*WHAT TO PRODUCE:*
Transcribe only the part of the material below that begins at the line containing "3/5 is the first" and ends at the line containing "第一に、Passage Drive は端末上のデータを", with both kept and images left out.

:: RECORDS FOR THIS EXERCISE

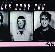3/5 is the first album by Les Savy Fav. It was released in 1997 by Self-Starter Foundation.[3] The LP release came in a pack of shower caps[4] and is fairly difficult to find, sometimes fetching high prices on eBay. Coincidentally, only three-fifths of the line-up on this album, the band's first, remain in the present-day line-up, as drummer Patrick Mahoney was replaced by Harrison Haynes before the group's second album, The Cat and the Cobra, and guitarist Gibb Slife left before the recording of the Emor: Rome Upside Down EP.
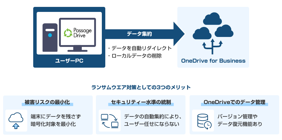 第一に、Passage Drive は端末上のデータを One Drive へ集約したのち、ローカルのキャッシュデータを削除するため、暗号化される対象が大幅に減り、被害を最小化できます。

::::
:: RECORDS FOR THIS EXERCISE

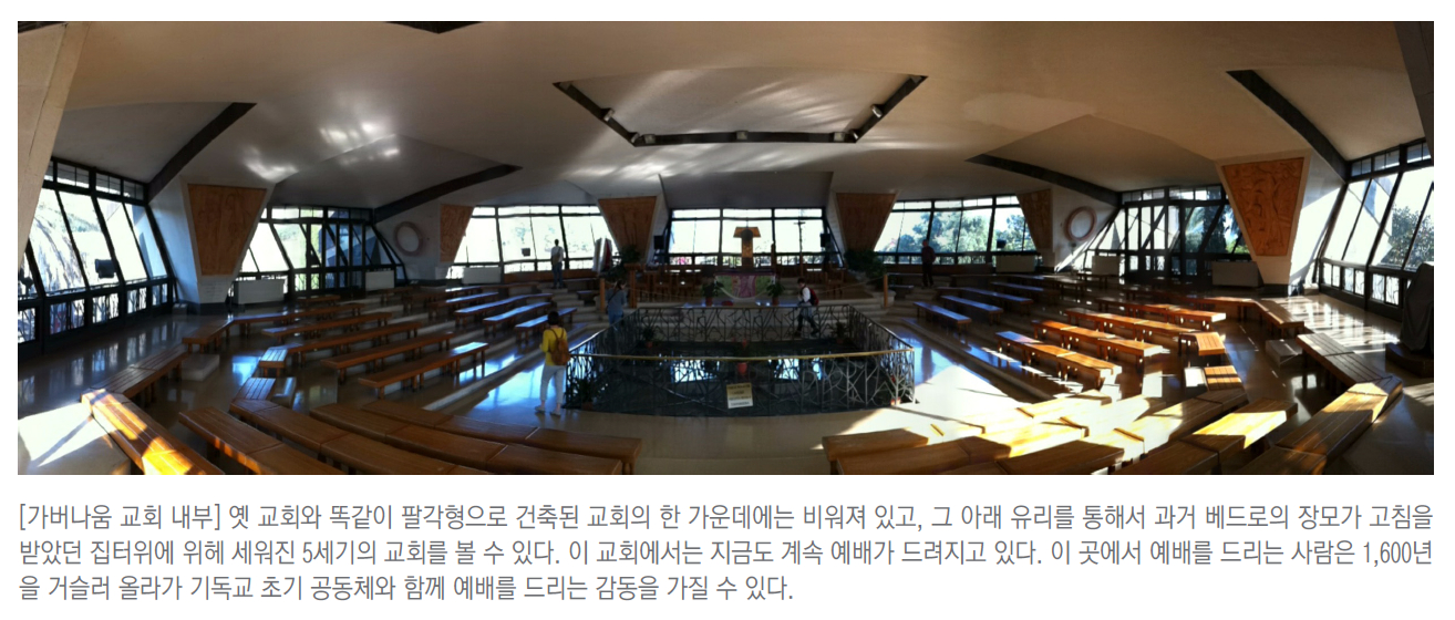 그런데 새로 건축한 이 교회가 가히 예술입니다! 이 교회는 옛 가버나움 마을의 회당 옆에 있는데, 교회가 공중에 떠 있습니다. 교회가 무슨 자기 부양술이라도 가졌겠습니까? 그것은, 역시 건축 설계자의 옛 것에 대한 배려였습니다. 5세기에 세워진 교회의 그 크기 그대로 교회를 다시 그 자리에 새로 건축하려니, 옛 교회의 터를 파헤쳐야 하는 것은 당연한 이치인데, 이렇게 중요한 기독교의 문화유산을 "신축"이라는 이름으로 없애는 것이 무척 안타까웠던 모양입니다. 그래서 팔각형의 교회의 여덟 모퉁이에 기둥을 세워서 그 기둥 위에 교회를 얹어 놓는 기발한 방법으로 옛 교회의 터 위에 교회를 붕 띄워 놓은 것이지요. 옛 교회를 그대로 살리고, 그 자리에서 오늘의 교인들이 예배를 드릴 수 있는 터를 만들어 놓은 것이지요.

::::

*ANSWER TO THE PROBLEM:*
3/5 is the first album by Les Savy Fav. It was released in 1997 by Self-Starter Foundation.[3] The LP release came in a pack of shower caps[4] and is fairly difficult to find, sometimes fetching high prices on eBay. Coincidentally, only three-fifths of the line-up on this album, the band's first, remain in the present-day line-up, as drummer Patrick Mahoney was replaced by Harrison Haynes before the group's second album, The Cat and the Cobra, and guitarist Gibb Slife left before the recording of the Emor: Rome Upside Down EP.
 第一に、Passage Drive は端末上のデータを One Drive へ集約したのち、ローカルのキャッシュデータを削除するため、暗号化される対象が大幅に減り、被害を最小化できます。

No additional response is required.